Una daga lanciata si
conficcò in mezzo agli occhi porcini.
“Lavora, lavora e stai
zitto!” borbottava il bradipo.
“Lavora, lavora,
lavora, lavora, non giunge l’aurora, lo senti il ticchettio della morte?
Lavora, lavora, lavora che è ora, vedi lontano lo spettro del mare?”
Tutti gli zombie erano
a terra, il tapiro si strinse forte alle caviglie dello spadaccino, giunsero i
mannari, si udivano di lontano i ringhi soffocati dalla bava omicida, il
digrignare delle zanne ingiallite dai cadaveri masticati, il suono spavaldo
degli artigli che cozzavano tra loro.
“Resta in piedi
schermidore, voglio andare via di qui!” Sussurrò il tapiro.
I mannari però erano
troppo forti, travolsero l’uomo mascherato, lo trascinarono in un turbine di
percosse, ora il sangue scorreva imbrattando i muri ed apparteneva tutto allo
spadaccino.
“Non sei un eroe! Non
sei niente!

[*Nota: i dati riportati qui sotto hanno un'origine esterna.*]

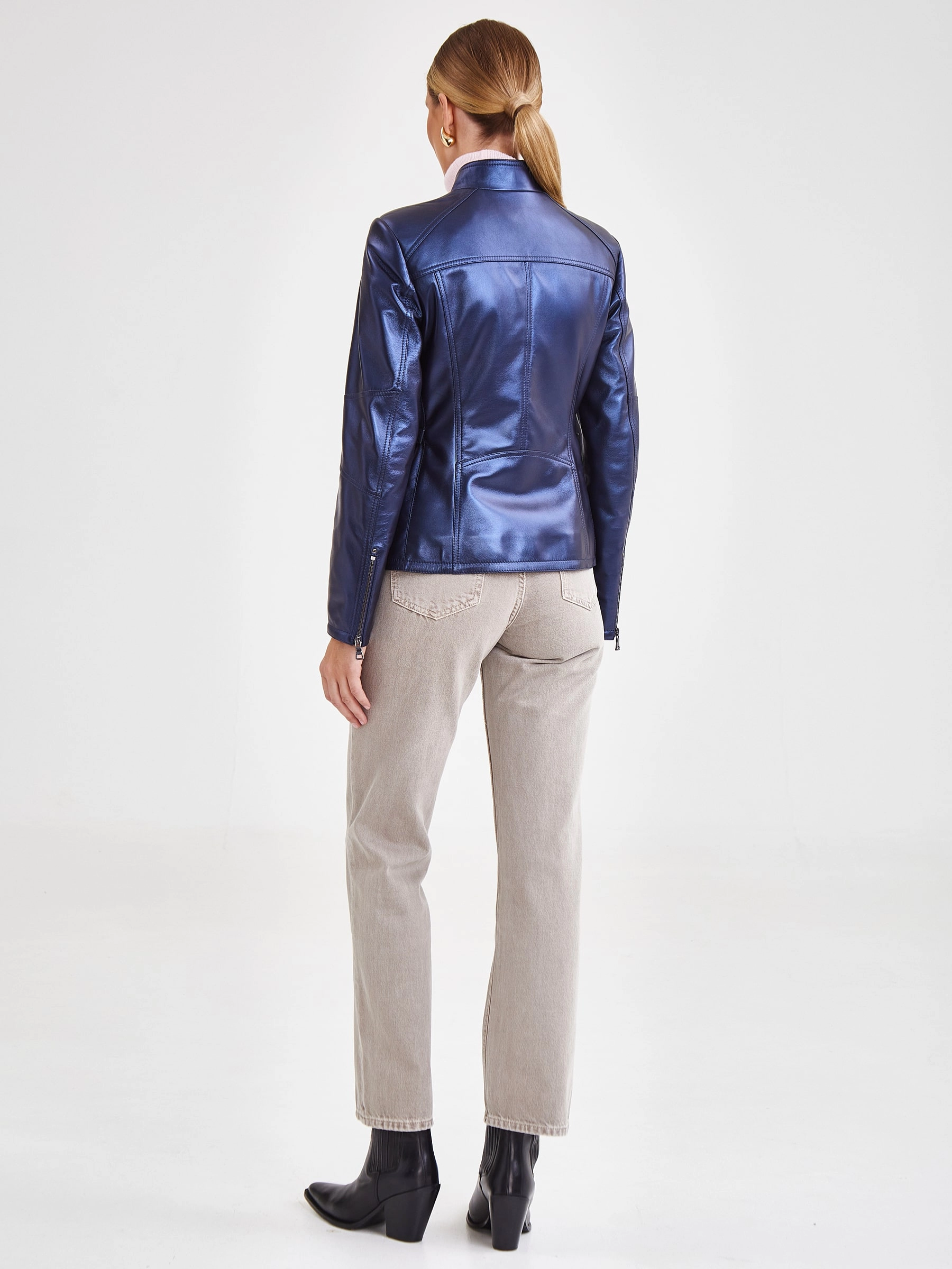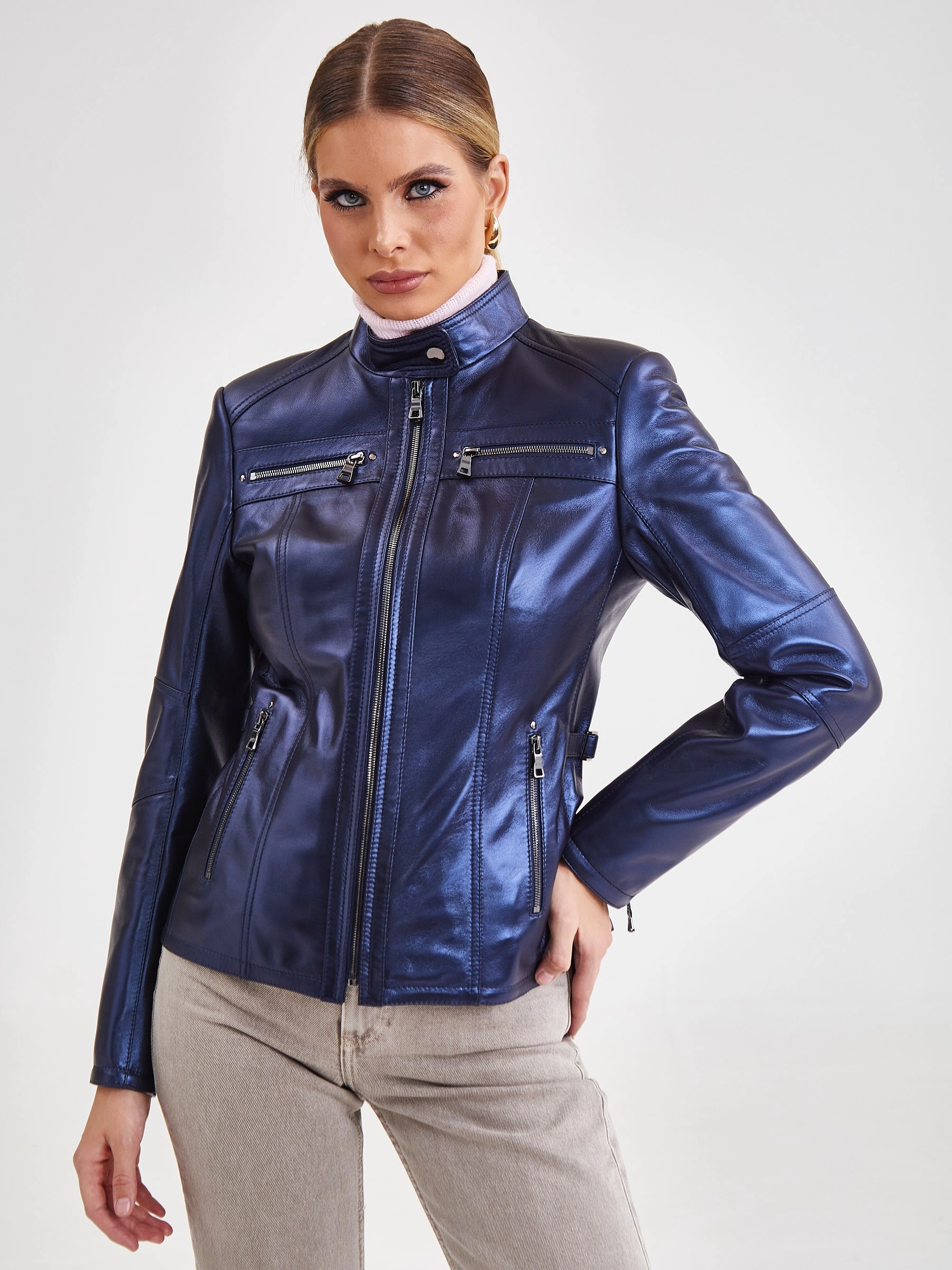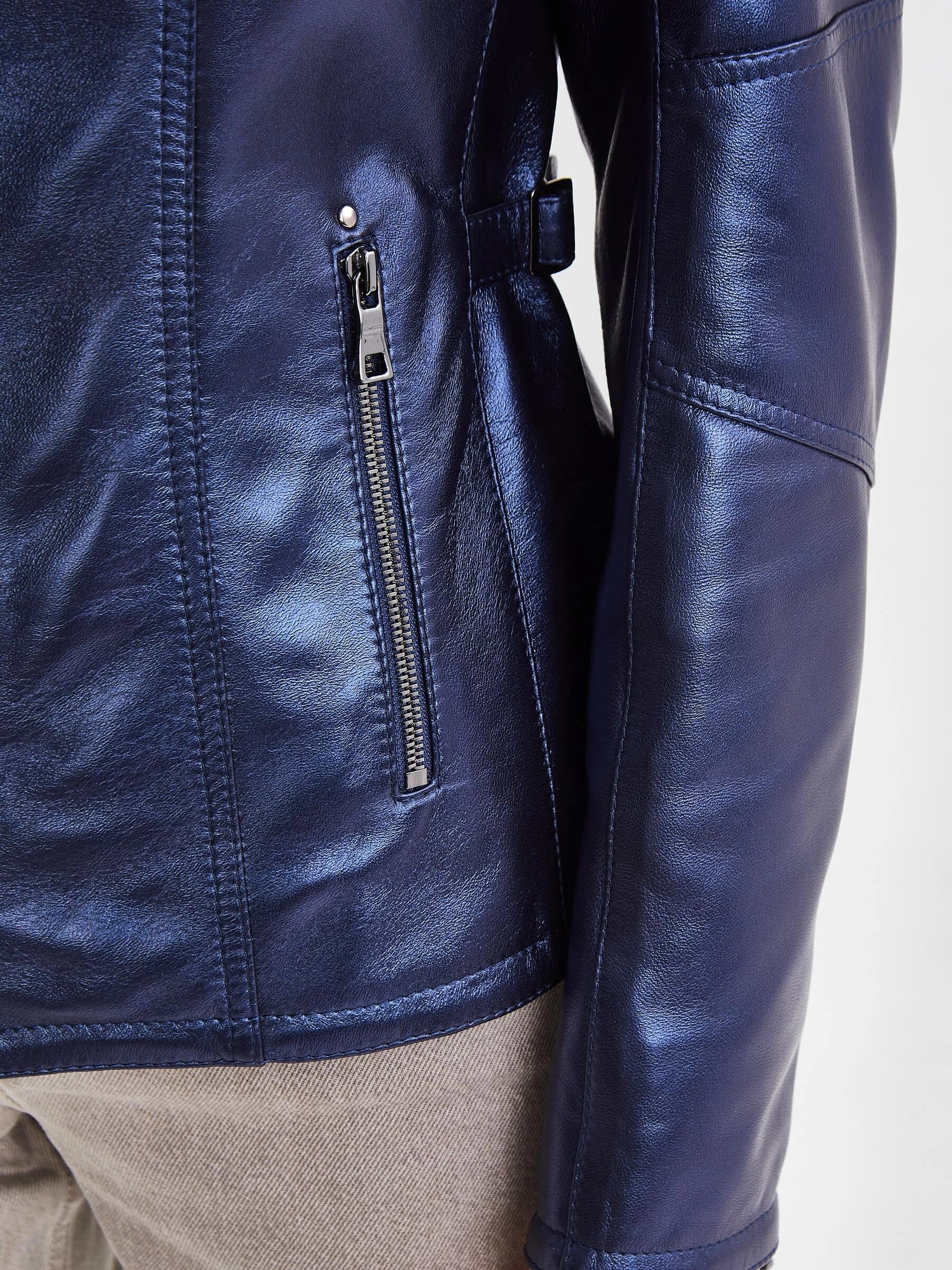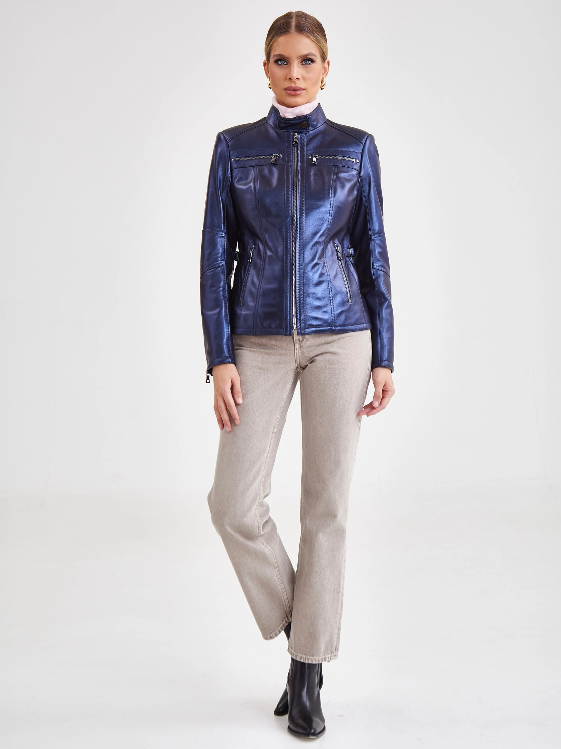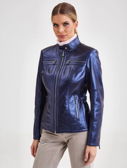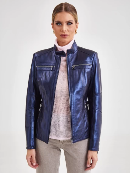 Кожаная утепленная женская куртка 301ш, синий перламутр, размер 46, артикул 23680

Niente!”
Le ossa vennero
spezzate con cupa brutalità, ormai il corpo senza vita pareva quello di un
pupazzo di pezza, venne issato e gettato in un complesso macchinario, le carni
e lo scheletro triturati divennero un frigobar.
4
Rassegnazione
e disincanto
Ancora il tapiro udiva
il suono scrocchiante della infernale macellazione, le spalle dello spadaccino
triturate, il bacino spremuto come fosse un pompelmo croccante.
Un ragno enorme poi,
rosso come il rubino, discese lentamente dal soffitto.
“Questo è il mio
castello, specchio del mio essere, e qui si fa come dico io! Non temere a te
non accadrà ciò che è successo allo schermidore, tu sei un tapiro, mansueto per
natura e fortunatamente non hai una minima idea di cosa sia l’onore.”
Il ragno non ammise
repliche, risalì la tela svanendo nel soffitto.
L’orso orbo diede una
pacca sulla spalla al tapiro sconsolato:
“Stai tranquillo, qui
si sta bene, meglio che fuori, almeno qui sarai nutrito e potrai comprarti
scarpe e occhiali da sole.”
Così il tapiro venne
introdotto alla sua nuova vita, mentre guardava con occhi assenti verso la
finestra minuscola incrostata dallo sporco di secoli e secoli.
Era ancora giorno,
grigio ma pur sempre illuminato, non sapeva il tapiro, che nel Castello del
Dolore erano sempre le nove, le nove di un eterno, nefasto mattino.
Il tapiro lacrimò
lentamente pensando:
“Che cazzo se ne fa un
orso orbo di scarpe e occhiali da sole?”